Top of Recorded information

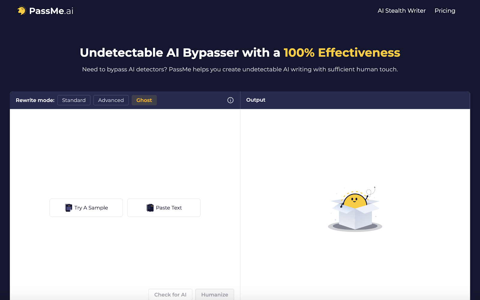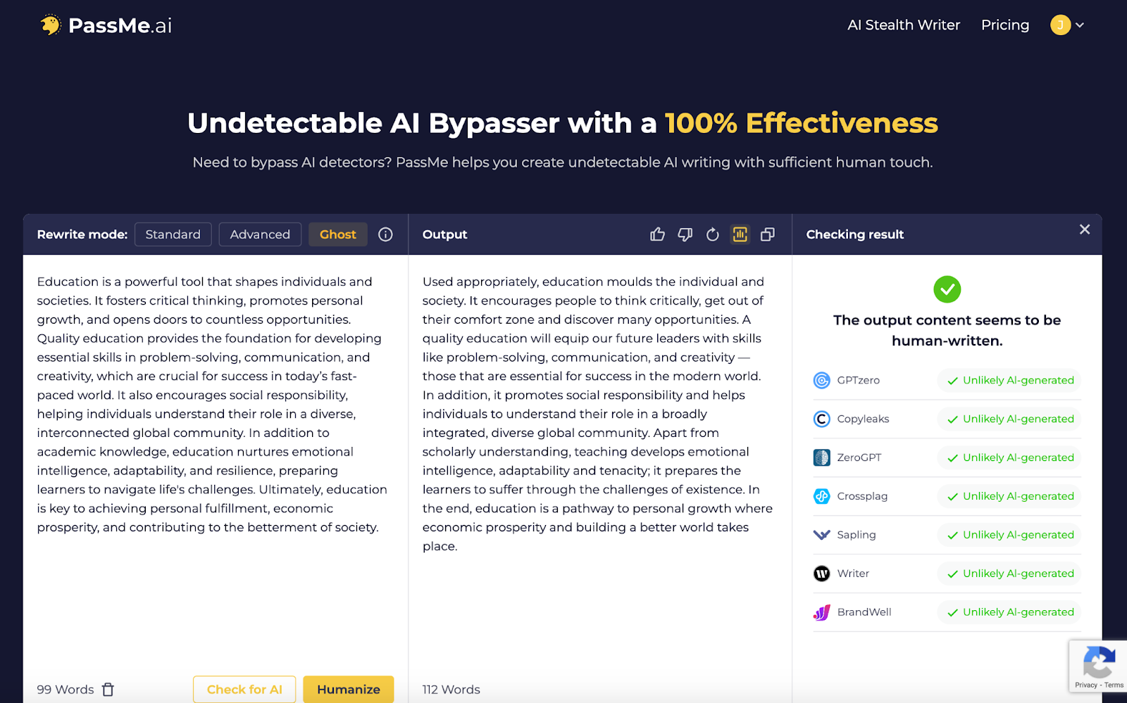 PassMe.ai is an advanced AI stealth writer that is extensively trained to spot the common writing patterns of text used by LLMs like GPT4, Gemini, Claude, ChatGPT, etc. It then reworks and restructures the content to sound more human-like, which enables it to bypass AI detection with excellent readability.
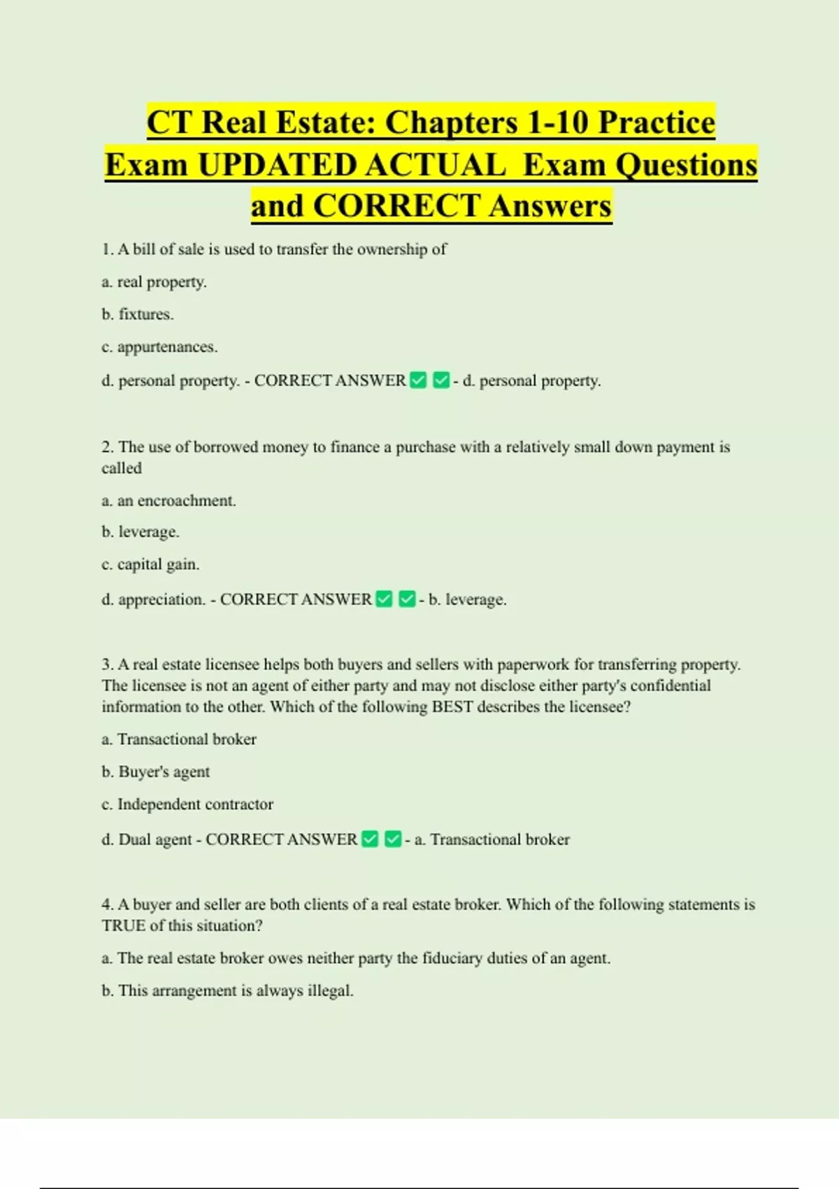 d. Dual agent - CORRECT ANSWER - a. Transactional broker
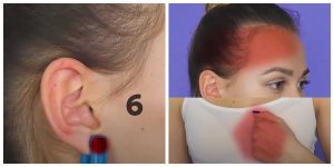 pod kątem w dolnej części małżowiny usznej, nieco powyżej płatka ucha oddziałuje pozytywnie na zatoki oraz pomaga w zwalczaniu bólu gardła.
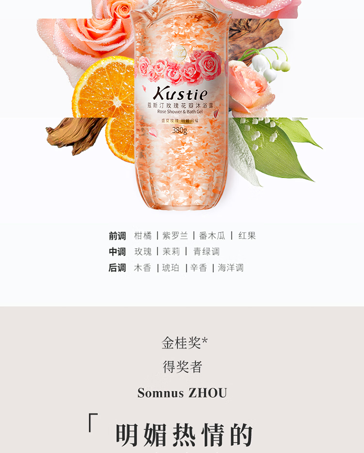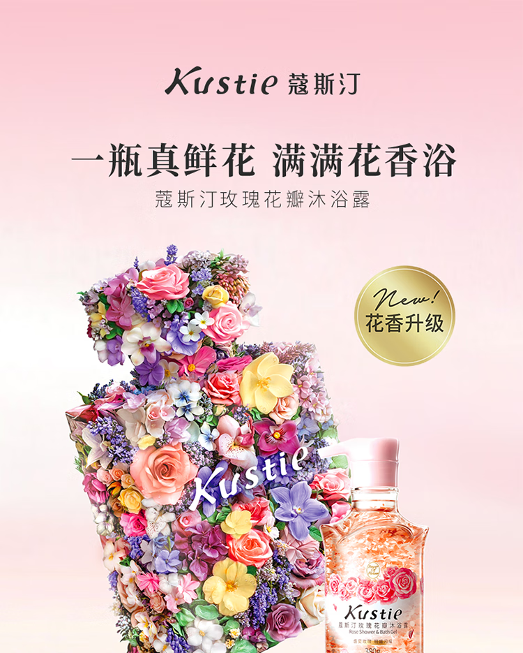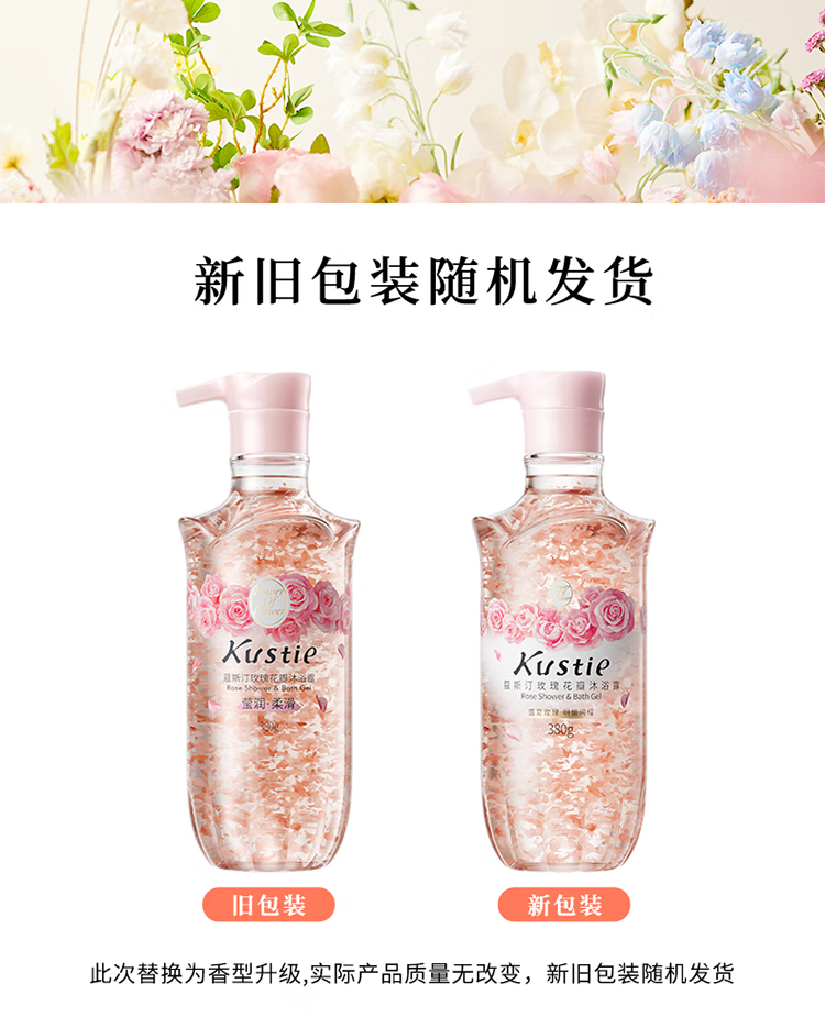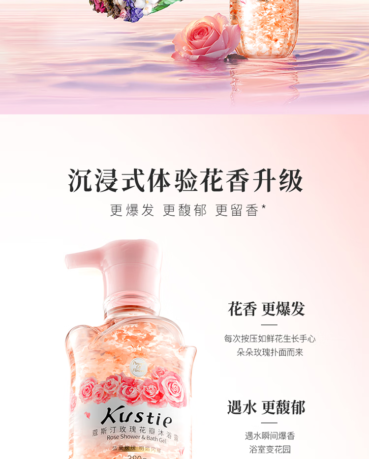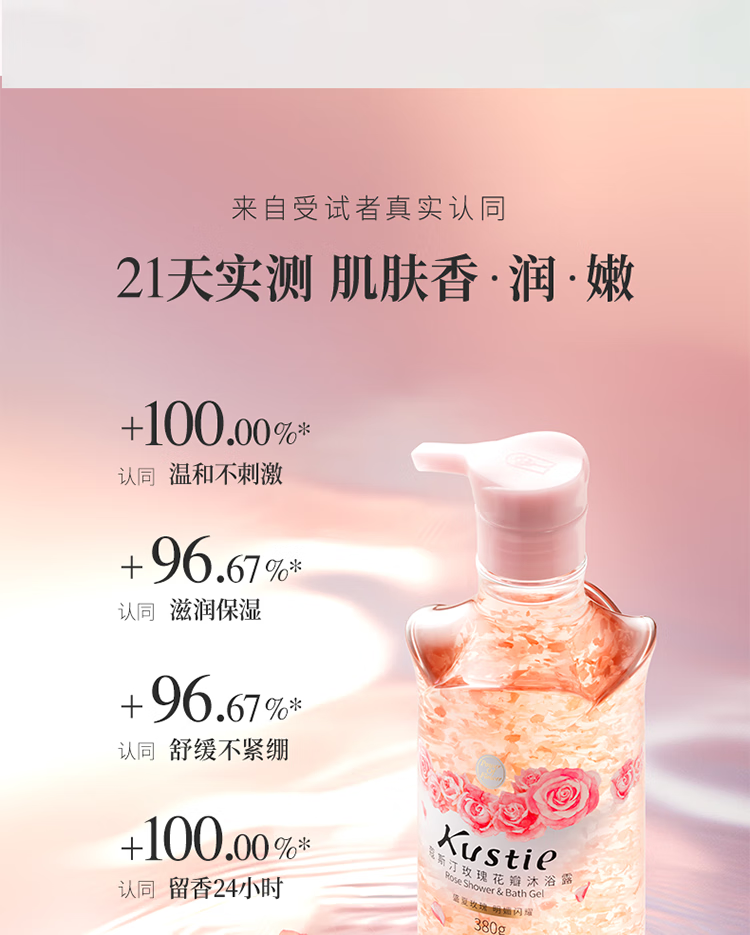 商品名称:(巨邦佑)R+蔻斯汀 Kustie 新升级玫瑰花瓣沐浴露380g*2瓶 香氛沐浴泡沫丰富

Bottom of Recorded information

■ **Task description**
Restate the material above word for word, dropping the pictures.

■ **Written solution**
 PassMe.ai is an advanced AI stealth writer that is extensively trained to spot the common writing patterns of text used by LLMs like GPT4, Gemini, Claude, ChatGPT, etc. It then reworks and restructures the content to sound more human-like, which enables it to bypass AI detection with excellent readability.
 d. Dual agent - CORRECT ANSWER - a. Transactional broker
 pod kątem w dolnej części małżowiny usznej, nieco powyżej płatka ucha oddziałuje pozytywnie na zatoki oraz pomaga w zwalczaniu bólu gardła.
 商品名称:(巨邦佑)R+蔻斯汀 Kustie 新升级玫瑰花瓣沐浴露380g*2瓶 香氛沐浴泡沫丰富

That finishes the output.